Häufige Folge – ein Fersensporn
Nicht umsonst sind Sportler besonders häufig von der Plantarfasziitis betroffen, wie Mediziner
die Entzündung nennen. Aber auch Menschen mit Übergewicht belasten den Sehnenansatz stark.
Und ist die Entzündung erst einmal da, kann sie ausgesprochen hartnäckig sein. Es entsteht ein
regelrechter Teufelskreis, denn durch die ständige Schonung des Fußes verkürzen sich die
Muskeln der Wade und der mechanische Zug auf das Fersenbein steigt weiter.

Viele Patienten mit Plantarfasziitis haben über Monate Beschwerden. Schlimmer noch:
Nicht selten bilden sich infolge der chronischen Entzündung Verkalkungen, die schließlich als
knöcherner Auswuchs, der sogenannte vordere Fersensporn, dauerhaft für Beschwerden
sorgen. Umso wichtiger ist es, die Entzündung schnell in den Griff zu bekommen – durch
Schonung, Schuheinlagen, entzündungshemmende Schmerzmittel oder Physiotherapie.

Versagen die Methoden allerdings oder kommen die Beschwerden ständig wieder, greifen Ärzte
bisher gern zu Kortison. Das Hormon entfaltet eine stark entzündungshemmende Wirkung, birgt
allerdings auch einige Risiken. Bei bis zu fünf Prozent der Patienten dünnt die Sehne aus und
reißt schließlich sogar ab, was eine Operation unausweichlich macht.

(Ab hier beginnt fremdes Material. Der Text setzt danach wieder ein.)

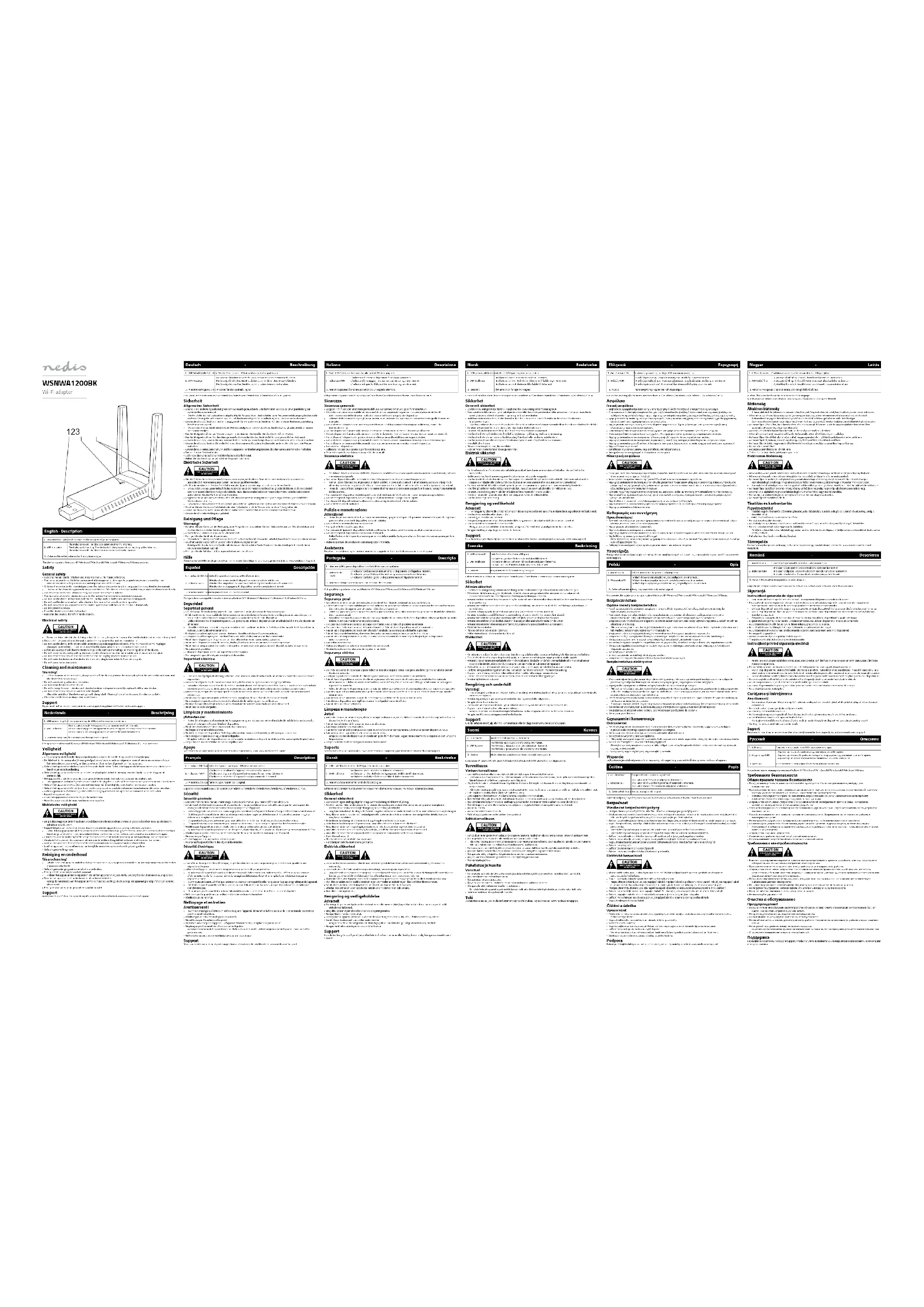 - Avant le nettoyage ou l'entretien, arrêtez toujours l'appareil, débranchez la che secteur de la prise murale et attendez que l'appareil refroidisse.• N'utilisez pas de solvants ni de produits abrasifs.• Ne nettoyez pas l'intérieur de l'appareil.• Ne tentez pas de réparer l'appareil. Si l'appareil fonctionne mal, remplacez-le par un neuf.• Ne plongez pas l'appareil dans l'eau ou autres liquides. Nettoyez l'extérieur de l'appareil avec un chion doux et humide. Séchez soigneusement l'appareil avec un chion propre et sec.• Nettoyez les ouvertures de ventilation avec une brosse douce. Support Si vous avez des commentaires, des suggestions ou besoin d'aide, veuillez visiter www.nedis.com/support. Italiano - Descrizione 1. Porta USB Collegare il dispositivo alla porta USB del computer.2. Indicatore WiFiL’indicatore è acceso: Il dispositivo è collegato a Internet.L’indicatore lampeggia: Il dispositivo sta per collegarsi a Internet.L'indicatore è spento: Il dispositivo non è collegato a Internet.3. Antenna Spostare l’antenna per ottenere un segnale ottimale.Il dispositivo supporta sistemi Windows XP/ Windows7/Windows8.0/Windows8.1/Windows10/Linux. Sicurezza Sicurezza generale

Botox durchbricht den Teufelskreis
Wissenschaftler in Mexiko verfolgten deshalb einen anderen Ansatz:
Während 17 ihrer Patienten eine herkömmliche Kortisontherapie erhielten, bei der das
entzündungshemmende Hormon direkt in den entzündeten Sehnenbereich unter der Fußsohle
gespritzt wird, injizierten sie bei weiteren 19 Patienten das Anti-Falten-Gift Botulinumtoxin A.
Aber nicht – wie in früheren Studien geschehen – an den Ort der Entzündung, sondern an drei
verschiedenen Punkten tief in die Wadenmuskulatur – in den großen, zweigeteilten Musculus
gastrocnemius und den darunter liegenden Musculus soleus.

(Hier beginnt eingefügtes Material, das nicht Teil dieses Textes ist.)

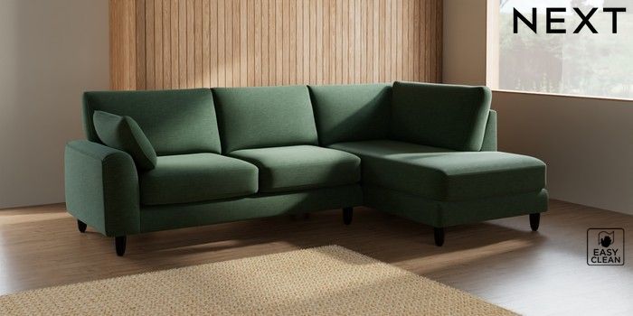 7.2.10 Campbell Medium Corner Chaise - Right Hand Fine Chenille Easy Clean Mid Khaki Green High Leg - Dark | Made Click here to use our website with more accessibility support, for example screen readers
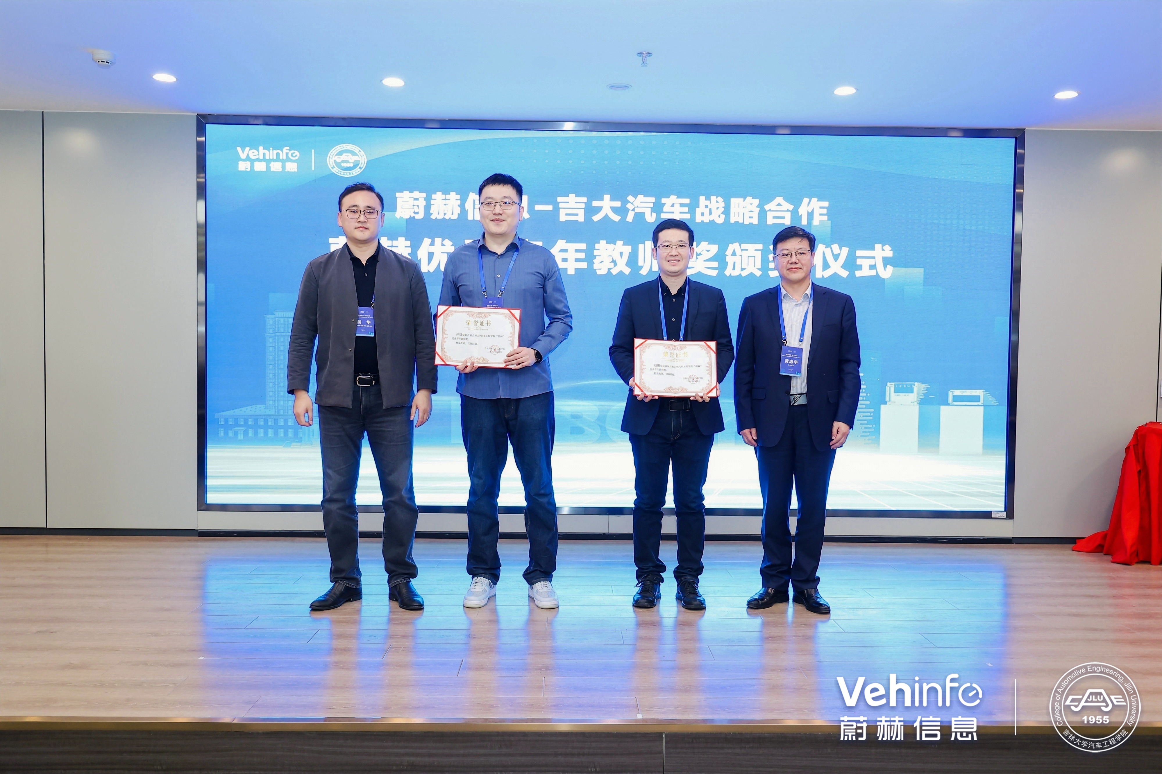 学院副院长王忠恕与蔚赫信息副总经理虢华为吉大蔚赫联合试验室揭牌;学院党委书记黄忠华与蔚赫信息副总经理虢华共同为学院获得“蔚赫”优秀青年教师奖的两位教师颁发荣誉证书。
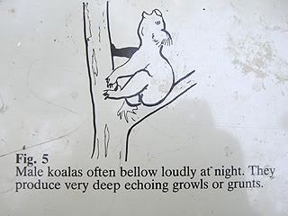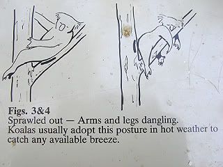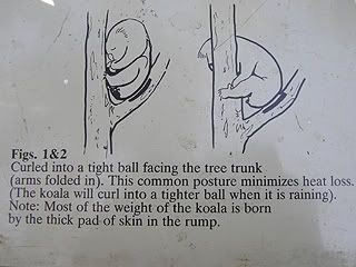 See! This koala is sleeping happily. These figures show the different postures koalas assume when they are sleeping and what they mean (Figures found at the koalas enclosure)
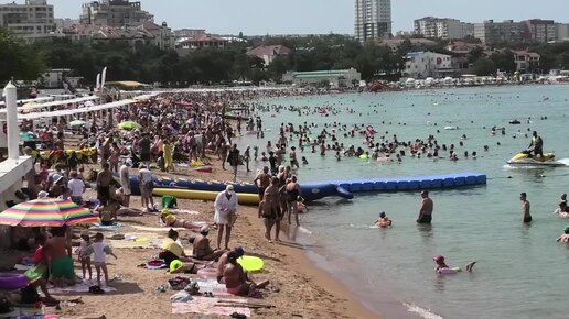 Геленджик толпы туристов Жара +33 вода +27 народ сидит в воде 22 августа 2022 года.
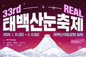 뉴스펀치 조평훈 기자 | (재)태백시문화재단은 제33회 태백산 눈축제의 공식 포스터를 공개하고 본격적인 홍보에 나섰다고 밝혔다. 제33회 태백산 눈축제는 오는 2026년 1월 31일부터 2월 8일까지 태백산국립공원 일원에서 열릴 예정으로, 이번 축제는 ‘2026 RE⧗AL 태백산 눈축제’를 슬로건으로 시민과 관광객이 함께 참여하는 체류형 겨울축제로 운영된다. 공개된 공식 포스터는 ‘33rd REAL 태백산 눈축제’를 메인 타이틀로, 이번 축제의 주제인 ‘REAL’을 직관적으로 배치해 축제의 방향성과 정체성을 명확히 전달한다. ‘REAL’은 △항상 기억에 남는 축제(REMEMBER ALWAYS) △시민과 함께 소통하는 축제(REPLY ALWAYS) △휴식이 공존하는 축제(RELAX ALWAYS)를 의미한다. 포스터는 와인 컬러 톤을 바탕으로 한 겨울 산세와 조명 연출을 통해 눈축제 특유의 따뜻하고 안정적인 분위기를 표현했으며, 천제단과 태백시 마스코트 ‘태붐이’, 겨울 체험 장면 등을 배치해 태백만의 지역성과 가족 친화적 이미지를 함께 담아냈다. 문화재단은 축제의 인지도와 친근감을 높이기 위해 올해
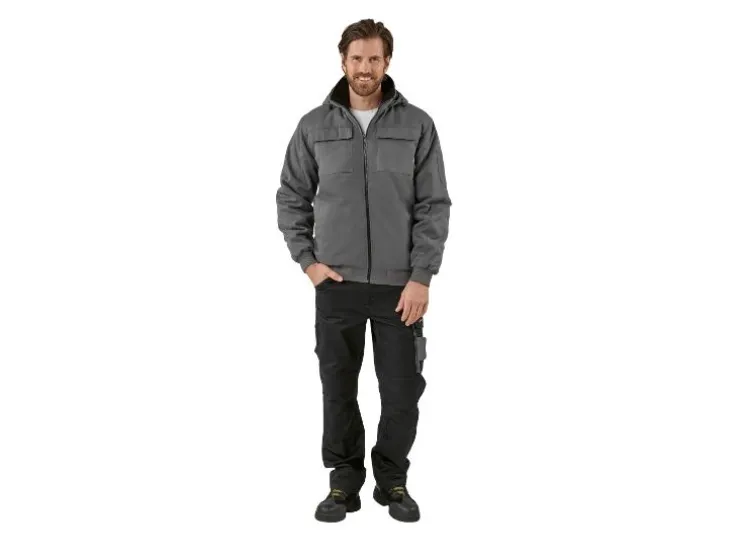 | Detail: | met veel praktische zakken voor gereedschap, mobiele telefoon, rolmeter etc., gevoerde capuchon met elastisch trekkoord en koordstopper, doorlopende rits |

Nun ließen sie die Probanden regelmäßig bestimmte Dehnübungen durchführen, um die
Spannung auf die Wadenmuskulatur, die Achillessehne und damit das Fersenbein weiter zu
reduzieren. Die Hypothese der Forscher: So könnte auch der Ansatz der Plantarfaszie nachhaltig
entlastet und der Teufelskreis, der die Entzündung immer weiter befeuert, durchbrochen werden.

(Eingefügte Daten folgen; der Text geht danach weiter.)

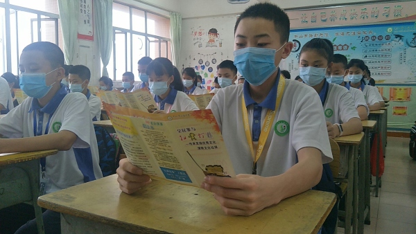 班會課上,同學們首先閱讀“打黃掃非”倡議書,并在倡議書上集體簽名,表明決絕不健康內容、拒絕侵權盜版的態度;接著學習“掃黃打非”宣傳手冊,了解“黃”“非”內容的危害性,要求做到堅決抵制不良內容、非法出版物。
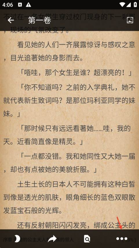 2、在阅读界面点击屏幕,再点击右下角的三个点。
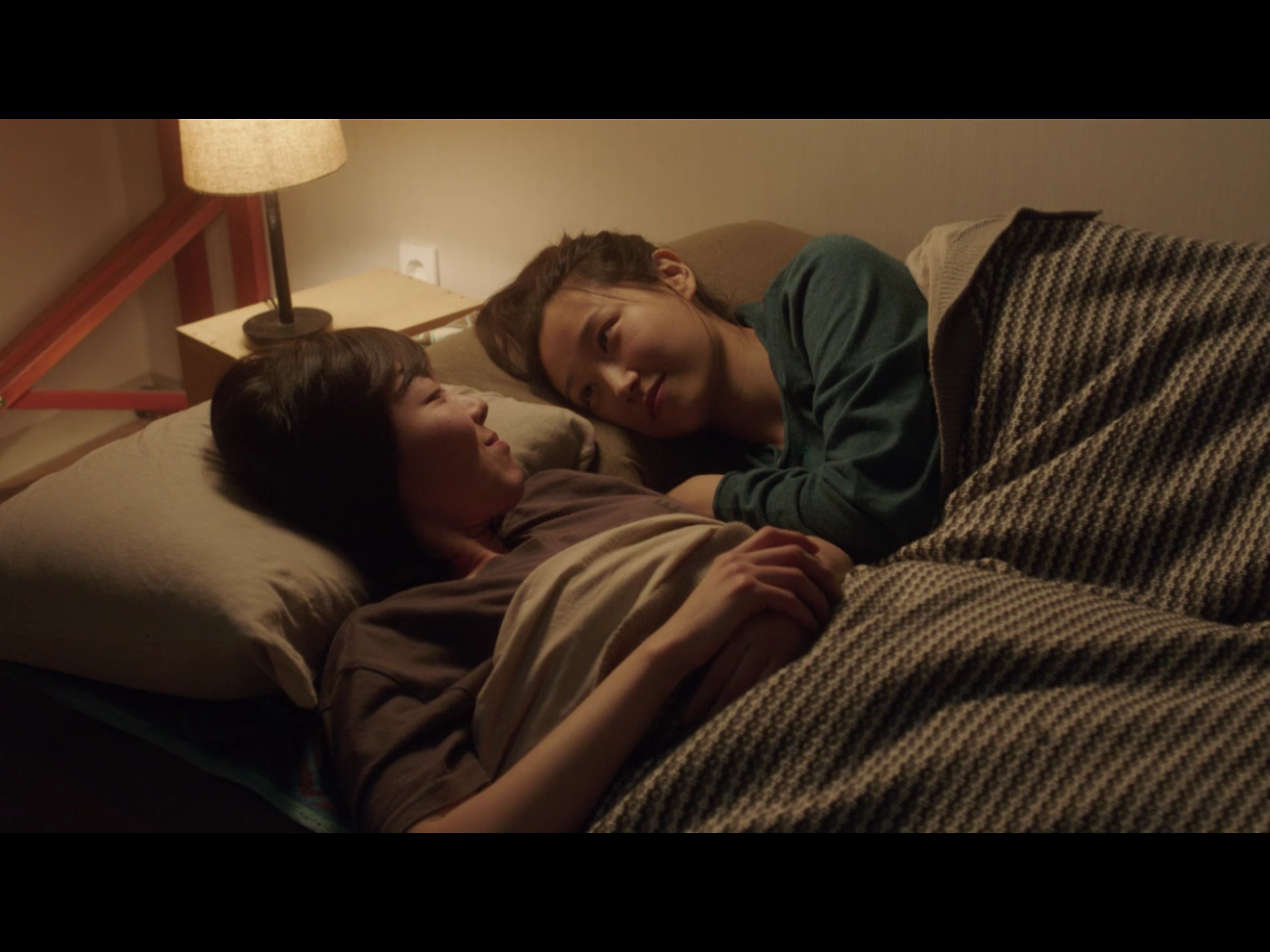 모든 연애는 시소같다. 서로 똑같이 사랑하면 모든 갈등은 생기지 않았을 텐데, 항상 누군가가 더 사랑하고 더 아파한다. 영화 초반은 지수가 윤주에게 다가가는 내용으로 구성되어 있다. 당찬 지수의 적극적인 태도에 언뜻 보면 윤주를 끌려가는 것처럼 보인다. 소심해보이기도 하고. 강렬한 어조가 아닌 나긋한 목소리로 자신이 하고 싶은 말을 그저 조곤조곤 말 할 뿐이다. 졸업작품때문에 힘든 일이 있어도 애인에게 투정부리지 않는다. 하지만 표현 욕구가 아예 없는 사람은 아니다. 가슴 속에 품었다가 지수에게 건낸 선물이 그녀의 내향적인 마음을 보여주는 장면은 어쩌면 윤주의 캐릭터를 잘 표현한 장면이 아닐까 생각한다.
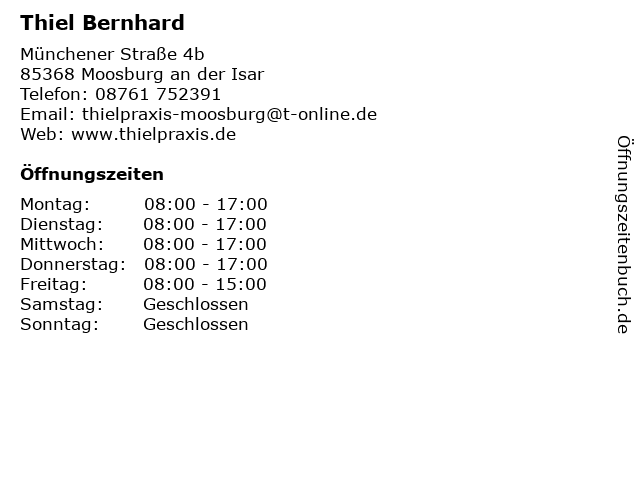 | Öffnungszeiten Thiel Bernhard in Moosburg an der Isar anzeigen | |
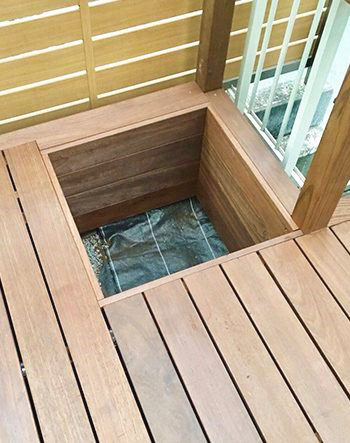 またお花や木を取り入れたいとのご希望でしたので、シンボルツリーとして設置できるよう、植栽用にボックスの設置をご提案しました。
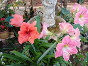 | September is Amarilla blom tyd. Van die inwoners in die Oord s’n is geen uitsondering en was lustig aan die blom! So ook die Clivias (Boslelies). Die winter was gou verby en voor ons mooi kon kyk was die lelies aan die blom die hele Oord vol. Selfs rare (Groen varkore, Karoo Lelie en Lidrose) met baie mooi blomme! |

Wirkung ist viel nachhaltiger
Zuerst gab es bei den Patientengruppen keinen Unterscheid: Bei beiden klang die Entzündung
allmählich ab, die Beschwerden ließen nach und die Funktion des erkrankten Fußes besserte
sich. Doch während sich bei den Kortison-behandelten Probanden die Genesung mit nach-
lassender Medikamentenwirkung verlangsamte und sich die Beschwerden manchmal sogar wieder
verschlechterten, wirkte die Behandlung bei den Botox-A-Probanden nachhaltig. In einigen
Tests erreichten diese Patienten sogar erst bei der Abschlussuntersuchung ihre Bestwerte.

Eine mögliche Erklärung für den Erfolg:
Während eine lokale Kortisontherapie fast ausschließlich die Entzündung selbst behandelt,
kann Botox jenen Mechanismus unterbrechen, der in vielen Fällen zur Plantarfasziitis führt:
Eine zu große Spannung oder Verkürzung der Wadenmuskulatur. Frühere Studien haben gezeigt,
dass diese sogenannten Kontrakturen das Risiko für eine Plantarfasziitis um rund das Neunfache
steigen lassen.

Die Studienautoren weisen deshalb ausdrücklich darauf hin, dass eine Botox-Behandlung
unbedingt durch geeignete Dehnübungen ergänzt werden muss, damit der Erfolg langfristig
bestehen bleibt
. (jr)

Quelle:
C. Acosta-Olivo et. al.: A Comparison of Botulinum Toxin A
and Intralesional Steroids for the Treatment of Plantar Fasciitis.